Bonjour à tous,
Depuis quelques jours, voici que les hérissons, les chats, les hérissons subissons de la part d'un bipède :
J'ignore totalement ce qui lui passe tout à coup par la tête pour s'en prendre aux 3 endroits où je nourris discrètement autour de la ferme pédagogique où ont toujours vécu le chats errants/libres.
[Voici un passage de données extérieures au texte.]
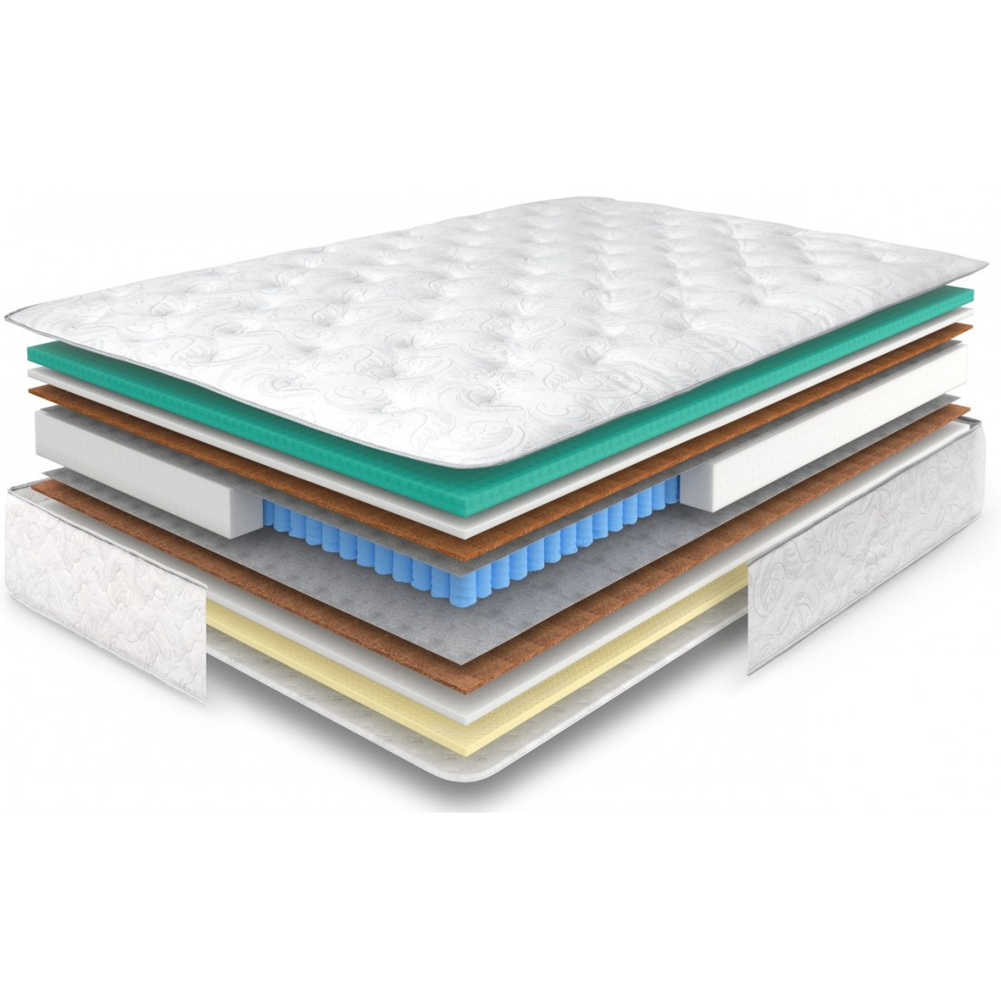 Наполнение: Memory Cool 40 мм, ортопена 20 мм, натуральный латекс 20 мм, латексированная кокосовая койра 10 мм, спанбонд, блок независимых пружин, усиление матраса по периметру.

Cette malveillance est punie par la loi.
Rappel :
→ Priver d’eau et de nourriture des hérissons est puni par la loi et considéré comme un acte de cruauté envers un animal. Idem si on gêne son activité. Il est hautement protégé. En 1990 la France a signé la Convention de Berne. Sont interdits pour les espèces protégées : capture, détention, mise à mort intentionnelles, privation de nourriture et d’eau, détérioration ou destruction intentionnelles des sites de reproduction ou des aires de repos. Je précise que vu ses agissements, si je tombe sur cet individu, ça se passera très mal. C'est déjà assez pénible comme cela de nourrir les mimis tous les soirs depuis 10 ans durant 1h30 qu'il pleuve, neige, vente ou gèle. Ce n'est pas un loisir ni une passion, juste des ennuis, des frais énormes et un sens du devoir et de l'Amour.Donc autant vous dire que me compliquer la vie encore plus est une bien mauvaise indée...
→ l'album des mimis, c'est par ici :
https://m.facebook.com/sandrine.nani1/albums/10210444165874732/
Rien ne m'arrêtera, rien ne m'empêchera de m'occuper de mes protégés et je n'ai peur de rien ni de personne !
Très bonne journée à vous tous,
Sandrine
→
Rappel important :
Le chat errant est reconnu animal domestique par le code rural et de la pêche maritime.
Le fait de priver de nourriture et d’abreuvement un animal domestique est reconnu cruauté passive conformément à l’Article R214-17 du Code Rural.
Le chat errant est reconnu animal domestique par l’arrêté du 3 avril 2014 fixant les règles sanitaires et de protection animale auxquelles doivent satisfaire les activités liées aux animaux de compagnie d'espèces domestiques relevant du IV de l'article L. 214-6 du code rural et de la pêche maritime.
De plus, le fait de nourrir les chats errants maintient les chats dans un état sanitaire satisfaisant donc réduit les risques sanitaires car des animaux affaiblis par manque de nourriture et d’eau vont inévitablement déclarer et propager des maladies.
Ne pas nourrir le chat errant, en particulier sur le territoire publique, est donc un acte de mauvais traitement, un défaut de devoir citoyen, une infraction à l'article L214-3 du Code Rural. Cette infraction peut donc être punie par le Code Pénal.
Article 521-1 du Code Pénal.
Le fait, publiquement ou non, d'exercer des sévices graves ou de commettre un acte de cruauté envers un animal domestique ou apprivoisé ou tenu en captivité est puni de 2 ans d'emprisonnement et de 30 000 € d'amende.